Dataset items
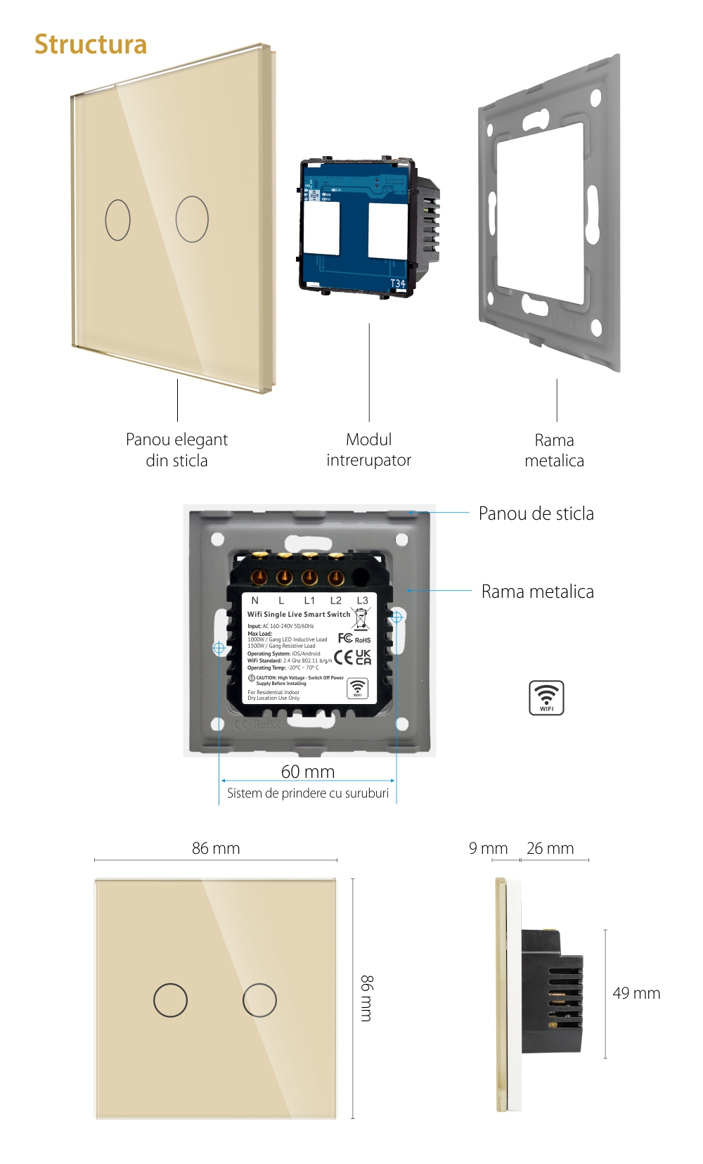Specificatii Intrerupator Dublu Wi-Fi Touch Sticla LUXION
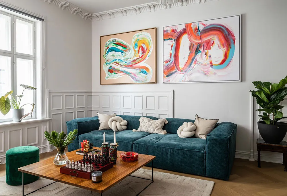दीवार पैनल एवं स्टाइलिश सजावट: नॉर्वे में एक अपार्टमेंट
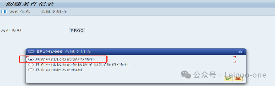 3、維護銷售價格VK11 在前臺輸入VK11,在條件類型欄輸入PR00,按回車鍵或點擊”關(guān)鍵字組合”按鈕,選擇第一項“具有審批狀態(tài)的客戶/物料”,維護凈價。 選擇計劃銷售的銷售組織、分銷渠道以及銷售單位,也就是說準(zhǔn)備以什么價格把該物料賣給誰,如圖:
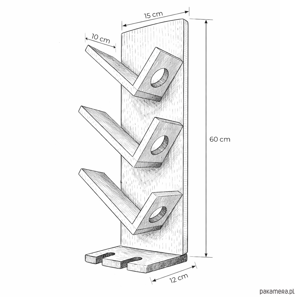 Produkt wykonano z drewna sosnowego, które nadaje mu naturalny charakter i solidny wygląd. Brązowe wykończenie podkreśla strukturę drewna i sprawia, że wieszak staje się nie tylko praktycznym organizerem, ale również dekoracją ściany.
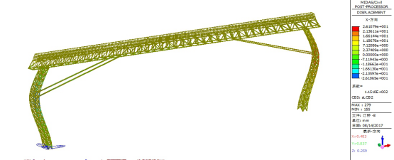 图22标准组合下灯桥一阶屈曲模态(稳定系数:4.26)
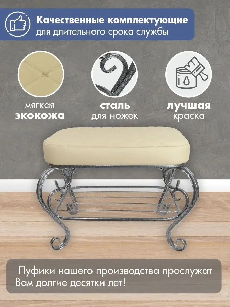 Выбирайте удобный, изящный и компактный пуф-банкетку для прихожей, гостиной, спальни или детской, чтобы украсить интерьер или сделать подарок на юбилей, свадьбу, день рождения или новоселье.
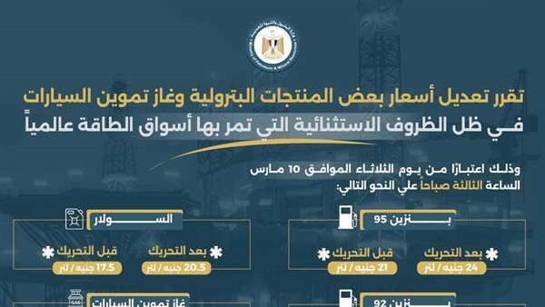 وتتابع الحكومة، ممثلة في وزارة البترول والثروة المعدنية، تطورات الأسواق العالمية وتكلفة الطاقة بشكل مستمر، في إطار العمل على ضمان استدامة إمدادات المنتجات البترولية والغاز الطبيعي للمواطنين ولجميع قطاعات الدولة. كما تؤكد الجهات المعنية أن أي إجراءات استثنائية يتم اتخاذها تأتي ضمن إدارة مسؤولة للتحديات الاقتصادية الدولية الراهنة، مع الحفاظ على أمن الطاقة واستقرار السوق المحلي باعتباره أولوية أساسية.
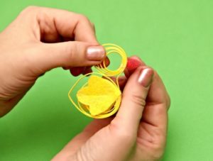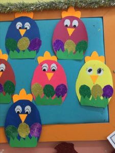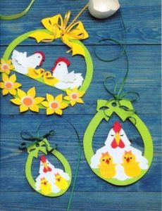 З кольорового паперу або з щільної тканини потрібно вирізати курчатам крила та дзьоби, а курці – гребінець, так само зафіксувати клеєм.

> WORK TO BE COMPLETED
Please set the data above down exactly, with the pictures removed.

> PROBLEM SOLUTION
Specificatii Intrerupator Dublu Wi-Fi Touch Sticla LUXION
दीवार पैनल एवं स्टाइलिश सजावट: नॉर्वे में एक अपार्टमेंट
 3、維護銷售價格VK11 在前臺輸入VK11,在條件類型欄輸入PR00,按回車鍵或點擊”關(guān)鍵字組合”按鈕,選擇第一項“具有審批狀態(tài)的客戶/物料”,維護凈價。 選擇計劃銷售的銷售組織、分銷渠道以及銷售單位,也就是說準(zhǔn)備以什么價格把該物料賣給誰,如圖:
 Produkt wykonano z drewna sosnowego, które nadaje mu naturalny charakter i solidny wygląd. Brązowe wykończenie podkreśla strukturę drewna i sprawia, że wieszak staje się nie tylko praktycznym organizerem, ale również dekoracją ściany.
 图22标准组合下灯桥一阶屈曲模态(稳定系数:4.26)
 Выбирайте удобный, изящный и компактный пуф-банкетку для прихожей, гостиной, спальни или детской, чтобы украсить интерьер или сделать подарок на юбилей, свадьбу, день рождения или новоселье.
 وتتابع الحكومة، ممثلة في وزارة البترول والثروة المعدنية، تطورات الأسواق العالمية وتكلفة الطاقة بشكل مستمر، في إطار العمل على ضمان استدامة إمدادات المنتجات البترولية والغاز الطبيعي للمواطنين ولجميع قطاعات الدولة. كما تؤكد الجهات المعنية أن أي إجراءات استثنائية يتم اتخاذها تأتي ضمن إدارة مسؤولة للتحديات الاقتصادية الدولية الراهنة، مع الحفاظ على أمن الطاقة واستقرار السوق المحلي باعتباره أولوية أساسية.
 З кольорового паперу або з щільної тканини потрібно вирізати курчатам крила та дзьоби, а курці – гребінець, так само зафіксувати клеєм.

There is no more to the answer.